8. Nu het bestaan van een reëel dienstverband van referent niet is aangetoond, heeft verweerder terecht geconcludeerd dat niet is voldaan aan het middelenvereiste. Artikel 8 van het EVRM, noch artikel 4 van de Gezinsherenigingsrichtlijn staan in het algemeen in de weg aan de eis van duurzaam zelfstandige en voldoende middelen van bestaan. Eiseres heeft niet onderbouwd waarom deze eis in haar geval wel in strijd komt met deze bepalingen.
9. Voor zover eiseres stelt dat verweerder referent in bezwaar had moeten horen, stelt de rechtbank vast dat de gemachtigde van eiseres en referent uitdrukkelijk heeft verklaard dat een hoorzitting op het bezwaar achterwege kon blijven.
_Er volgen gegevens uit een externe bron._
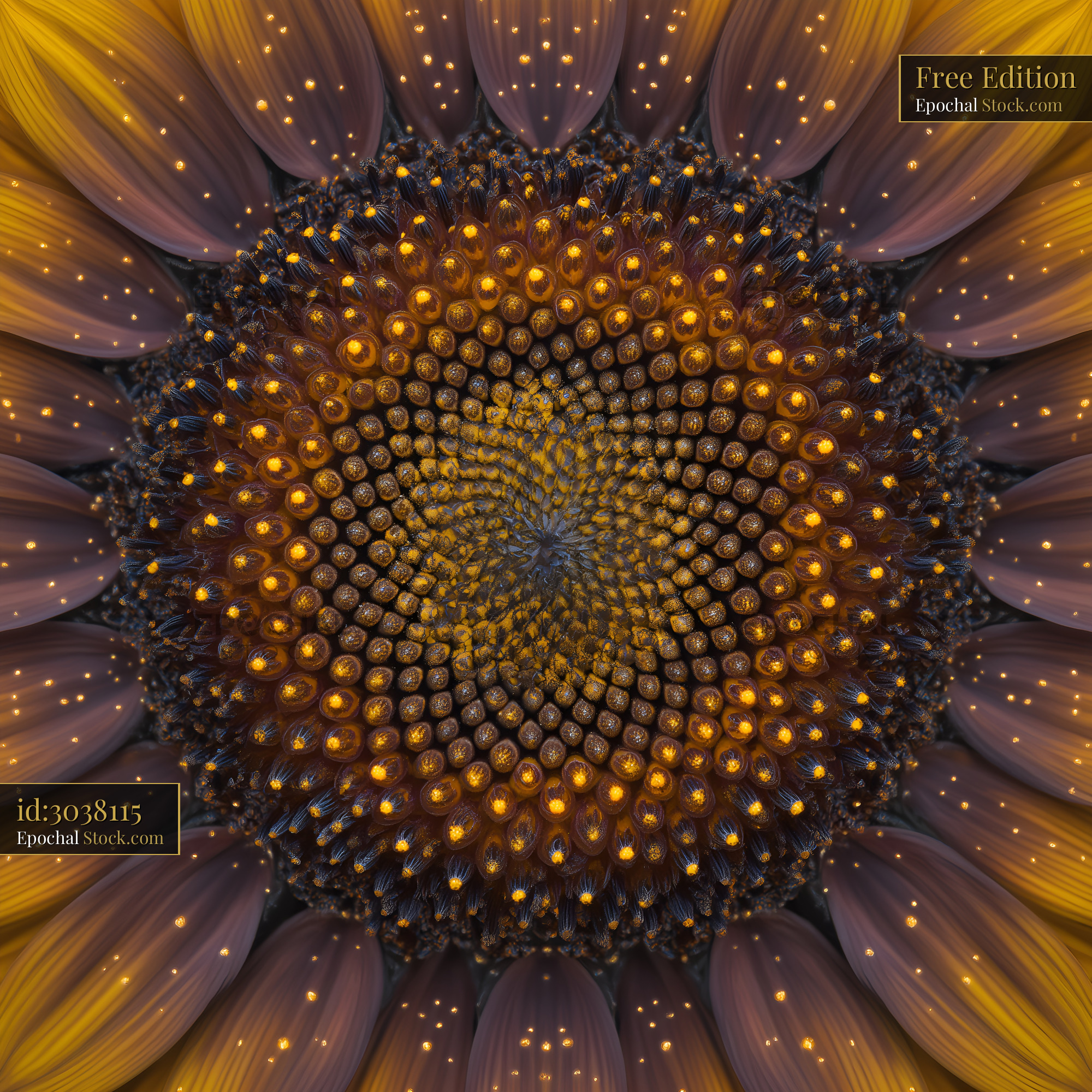 A sunflower displays its intricate patterns and textures. The center features small seeds and bright colors, while the petals create a circle around it. This scene captures the beauty of nature.

De veronderstelling daarbij van de gemachtigde over de te verwachten uitkomst van het bezwaar laat onverlet dat verweerder in dit geval daarom van het horen heeft kunnen afzien.
10. Het bezwaar tegen het weigeren van een mvv is terecht ongegrond verklaard. Het beroep daartegen is ongegrond. Gelet hierop bestaat geen aanleiding om verweerder te veroordelen in de kosten van het door eiseres betaalde griffierecht. [3]
11. Omdat eiseres terecht beroep heeft ingesteld tegen het niet-tijdig beslissen op haar bezwaarschrift, zal verweerder in zoverre in de proceskosten worden veroordeeld. Deze kosten worden vastgesteld op grond van het Besluit proceskosten bestuursrecht op € 907 (1 punt voor het indienen van het beroep tegen het niet-tijdig beslissen en 1 punt voor het verschijnen ter zitting, met een waarde van € 907 per punt en een wegingsfactor 0,5). De wegingsfactor 0,5 is van toepassing, nu het beroep alleen gegrond is voor zover dit betrekking heeft op het niet-tijdig nemen van een besluit.

Beslissing

De rechtbank:
  • verklaart het beroep niet-ontvankelijk voor zover dat is gericht tegen het niet-tijdig beslissen op het bezwaarschrift;
  • verklaart het beroep ongegrond voor zover dat is gericht tegen het bestreden besluit;
  • veroordeelt verweerder in de proceskosten van eiseres tot een bedrag van € 907 (negenhonderdenzeven euro).
Deze uitspraak is gedaan op 21 maart 2025 door mr. J.F.I. Sinack, rechter, in aanwezigheid van mr. R. de Mul, griffier, en openbaar gemaakt door middel van geanonimiseerde publicatie op www.rechtspraak.nl.
De uitspraak is bekendgemaakt op:
Informatie over hoger beroep
Een partij die het niet eens is met deze uitspraak, kan een hogerberoepschrift sturen naar de Afdeling bestuursrechtspraak van de Raad van State waarin wordt uitgelegd waarom deze partij het niet eens is met deze uitspraak. Het hogerberoepschrift moet worden ingediend binnen vier weken na de dag waarop deze uitspraak is verzonden. Kan de indiener de behandeling van het hoger beroep niet afwachten, omdat de zaak spoed heeft, dan kan de indiener de voorzieningenrechter van de Afdeling bestuursrechtspraak van de Raad van State vragen om een voorlopige voorziening (een tijdelijke maatregel) te treffen.

Voetnoten

1.Verdrag tot bescherming van de rechten van de mens en de fundamentele vrijheden.
2.Richtlijn 2003/86/EG.
3.Zie in dit verband de uitspraak van de Afdeling bestuursrechtspraak van de Raad van State van 13 juni 2001, ECLI:NL:RVS:2001:AB6602.